No modelo clássico apresentado na década de 80 por um grupo de acadêmicos da Universidade de Harvard, liderados pelo professor Davis, a empresa familiar foi esquematizada em três subsistemas: a família, a propriedade e a empresa. Temos inúmeros exemplos de como os subsistemas interagem entre si e como a ocorrência de um evento num subsistema influencia e/ou interfere no outro.
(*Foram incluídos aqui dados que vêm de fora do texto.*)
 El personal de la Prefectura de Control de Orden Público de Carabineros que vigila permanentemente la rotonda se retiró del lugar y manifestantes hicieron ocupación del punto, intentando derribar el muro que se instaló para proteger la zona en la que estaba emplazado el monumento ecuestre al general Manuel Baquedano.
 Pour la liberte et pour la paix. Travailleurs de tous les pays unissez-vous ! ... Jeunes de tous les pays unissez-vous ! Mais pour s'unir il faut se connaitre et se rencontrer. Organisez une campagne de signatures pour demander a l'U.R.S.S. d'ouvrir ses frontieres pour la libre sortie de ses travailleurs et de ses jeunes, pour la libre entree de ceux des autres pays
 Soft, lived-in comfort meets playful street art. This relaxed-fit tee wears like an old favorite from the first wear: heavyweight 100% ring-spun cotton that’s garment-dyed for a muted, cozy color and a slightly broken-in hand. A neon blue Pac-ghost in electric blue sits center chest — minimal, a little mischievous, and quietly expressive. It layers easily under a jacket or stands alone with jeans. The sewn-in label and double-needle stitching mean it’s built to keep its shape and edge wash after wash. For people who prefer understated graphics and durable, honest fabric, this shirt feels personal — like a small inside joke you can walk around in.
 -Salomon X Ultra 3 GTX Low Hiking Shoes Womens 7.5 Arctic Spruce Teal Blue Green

A literatura sobre empresas familiares nos traz inúmeros exemplos e casos do entrelaçamento entre o subsistema familiar e subsistema empresa, mas em menor intensidade entre os subsistemas propriedade e família. Vamos focar no caso neste último. Muitos donos de empresas, na maioria das vezes seus fundadores, tiveram apoio inestimável de uma pessoa não membro da família na construção de sua obra. Poderia ser o contador da empresa, o chefe da produção e assim por diante. Foram pessoas que se dedicaram de corpo e alma ao negócio e, provavelmente, sem a inestimável ajuda deles a empresa não seria o que é. São pessoas de confiança que durante décadas compartilharam alegrias, desapontamentos e grandes vitórias com o fundador da empresa. Chega o momento em que o fundador, por justas razões, tem o desejo de premiar seu " braço direito". É um sentimento imbuído de justiça, reconhecimento e altruísmo ter o seu ex-funcionário como sócio da empresa. Mas, em muitos casos, este gesto, ao invés de ser uma recompensa e motivo de satisfação, pode se tornar um enorme problema para ambas as partes.
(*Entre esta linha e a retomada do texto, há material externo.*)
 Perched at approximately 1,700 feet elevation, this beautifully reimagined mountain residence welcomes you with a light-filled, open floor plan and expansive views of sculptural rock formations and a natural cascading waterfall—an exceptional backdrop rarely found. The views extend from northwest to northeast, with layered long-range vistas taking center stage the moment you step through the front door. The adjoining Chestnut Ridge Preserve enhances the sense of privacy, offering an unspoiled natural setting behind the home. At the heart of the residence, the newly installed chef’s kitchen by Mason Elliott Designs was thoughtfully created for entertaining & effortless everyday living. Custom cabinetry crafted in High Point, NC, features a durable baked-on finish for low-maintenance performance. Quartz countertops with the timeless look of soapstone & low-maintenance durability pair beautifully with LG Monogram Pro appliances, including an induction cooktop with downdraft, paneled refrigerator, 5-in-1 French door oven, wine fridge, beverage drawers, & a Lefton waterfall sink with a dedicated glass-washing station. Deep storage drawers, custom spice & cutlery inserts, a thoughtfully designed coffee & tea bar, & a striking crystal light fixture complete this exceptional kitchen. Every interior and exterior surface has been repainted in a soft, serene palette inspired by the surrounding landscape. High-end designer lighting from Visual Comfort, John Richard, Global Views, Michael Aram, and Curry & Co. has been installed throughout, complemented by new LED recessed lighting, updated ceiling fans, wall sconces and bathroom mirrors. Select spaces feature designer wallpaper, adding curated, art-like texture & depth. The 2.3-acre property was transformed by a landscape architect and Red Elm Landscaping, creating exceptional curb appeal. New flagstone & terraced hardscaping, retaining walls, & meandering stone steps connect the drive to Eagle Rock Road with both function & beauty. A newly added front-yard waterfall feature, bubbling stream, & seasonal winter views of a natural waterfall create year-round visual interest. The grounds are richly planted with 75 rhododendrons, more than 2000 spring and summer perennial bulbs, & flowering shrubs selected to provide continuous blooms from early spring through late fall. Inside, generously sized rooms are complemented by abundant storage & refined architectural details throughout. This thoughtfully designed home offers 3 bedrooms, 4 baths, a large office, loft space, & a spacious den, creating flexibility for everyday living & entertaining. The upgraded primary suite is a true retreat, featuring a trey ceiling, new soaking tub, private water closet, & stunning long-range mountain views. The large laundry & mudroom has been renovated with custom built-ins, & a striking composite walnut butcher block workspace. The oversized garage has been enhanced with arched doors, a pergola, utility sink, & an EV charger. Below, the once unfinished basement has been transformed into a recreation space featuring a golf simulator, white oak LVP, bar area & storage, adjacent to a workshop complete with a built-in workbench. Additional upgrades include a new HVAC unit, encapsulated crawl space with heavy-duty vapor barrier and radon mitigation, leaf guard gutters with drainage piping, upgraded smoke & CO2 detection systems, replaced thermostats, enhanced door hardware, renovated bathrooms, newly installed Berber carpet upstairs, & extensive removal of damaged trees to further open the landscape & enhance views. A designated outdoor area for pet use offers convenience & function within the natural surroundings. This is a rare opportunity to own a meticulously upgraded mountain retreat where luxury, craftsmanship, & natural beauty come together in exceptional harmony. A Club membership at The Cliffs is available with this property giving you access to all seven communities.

O impulso emocional, muitas vezes deixa de lado o racional. Cabe ao dono da empresa antes de colocar tal iniciativa em prática conversar com algumas pessoas, como por exemplo com o advogado societário de confiança.
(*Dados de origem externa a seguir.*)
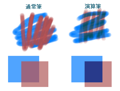 下図は通常筆と演算筆で描いたサンプル画像です、あくまでも好みですが演算筆は透明水彩で描いたような感じになります。筆の描画やフィル描画、文字描画などで機能します。
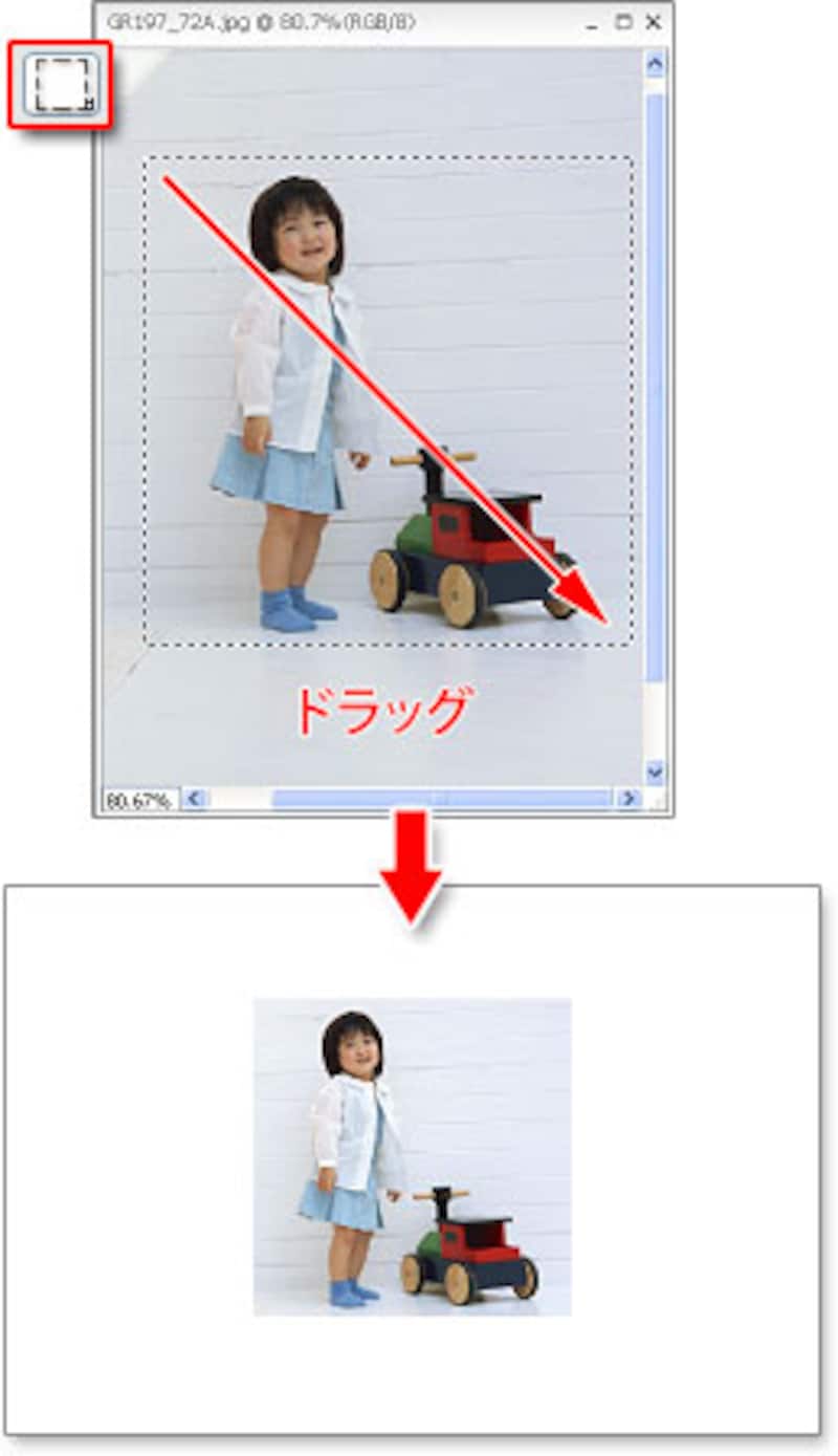 お子さんの写真を[長方形選択ツール]で囲んでドラッグして選択して、[Ctrl]+Cキーでコピーします。
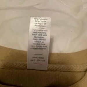 Arkansas sweatshirt in women’s small. Tan with black sewn on letters. No tears or stains. A little pilling that can be removed with a sweater shaver.
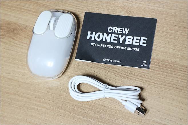 우선 그립감은 손안에 감싸는 느낌이라 땀이 묻는 러버 재질이 아니라서 마음에 들었습니다. 아무래도 사무용은 오래 사용하는 만큼 이러한 재질이 좋은 것 같습니다. 몬스타 가츠 크루 허니비 저소음 마우스 크기는 105mm x 62mm x 34.8mm 로 전체적으로 특화된 디자인보다는 안정적이고 보편적인 디자인이라고 할 수 있습니다.
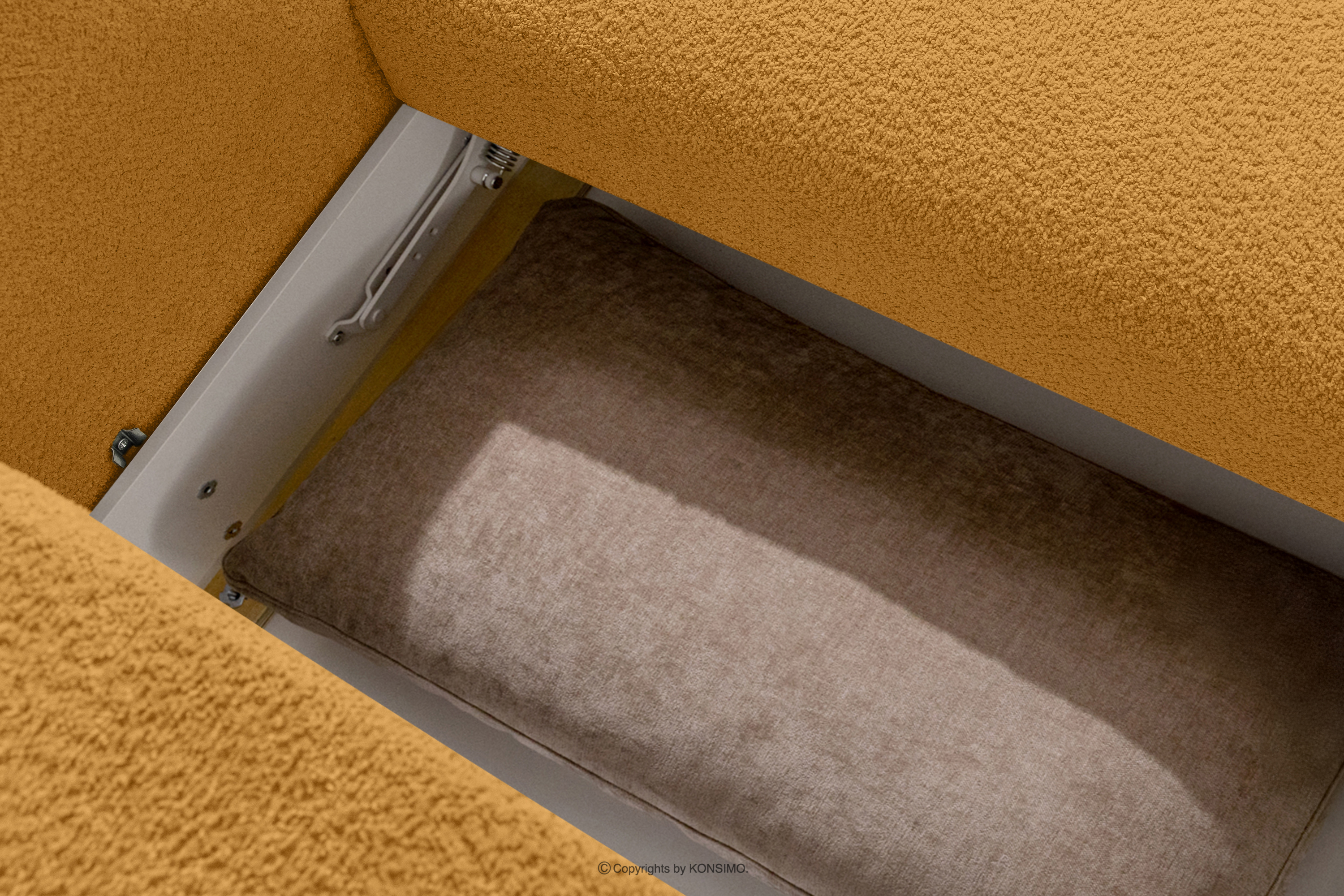 für das Produkt Ecksofa im japanischen Stil aus Bouclé-Stoff, rechts, honigfarben

A primeira pergunta a ser feita seria: quais as implicações legais em ter o " ex funcionário" como sócio. Provavelmente o Contrato Social da empresa teria que ser reformulado. Cláusulas de distribuição de resultados, retirada da sociedade de um dos sócios, venda e compra de participação societária, falecimento de um dos sócios, direito a voto se a empresa é ou uma limitada ou uma SA de capital fechado entre outros teriam que ser revistos e discutidos. Caso o empresário seja um homem solteiro isto é relativamente simples. Mas quando o dono da empresa é casado e tem uma familia as coisas são um pouco diferentes. A introdução de um novo sócio poderá ter sérias repercussões no subsistema familiar. A família, mesmo estando um pouco afastada dos negócios, provavelmente não irá ver com bons olhos, a figura de um não familiar recebendo uma parte, mesmo por menor que seja, de seu patrimônio. Perguntas surgirão em relação às questões econômicas. Em caso da saída do ex- funcionários da sociedade qual seria o valor que eles receberiam? No que tange à distribuição de lucros qual o valor que teria que ser distribuído. Em caso de falecimento do sócio minoritário quais direitos a sua família teria sobre a empresa?Pode ser também que os herdeiros que já estejam trabalhando na empresa não sintam empatia pelo "ex-funcionário". Qual seria a posição dos colegas do novo sócio da empresa, frente a este gesto de reconhecimento? Não seriam geradas expectativas entre os demais funcionários mais longevos? Não poderia ocorrer uma deterioração do clima de trabalho? Qual seria a postura do " ex funcionários" com chapéu de dono frente à toda equipe de trabalho e empresa como um todo? Este breve panorama nos mostra que gratificar um funcionário com uma participação societária pode ter um efeito bumerangue. É de muita importância que o todo seja muito bem discutido e avaliado no Conselho de Família. Se não houver este conselho formalizado ele deveria ser constituído talvez unicamente para esta finalidade.
Afinal das contas, o patrimônio familiar, incluída a empresa da família, não é apenas propriedade do fundador e sim de toda a família e com ela o assunto tem que ser discutido.
Um passo em falso no subsistema da propriedade poderá ter um impacto muito danoso e negativo sobre o subsistema familiar.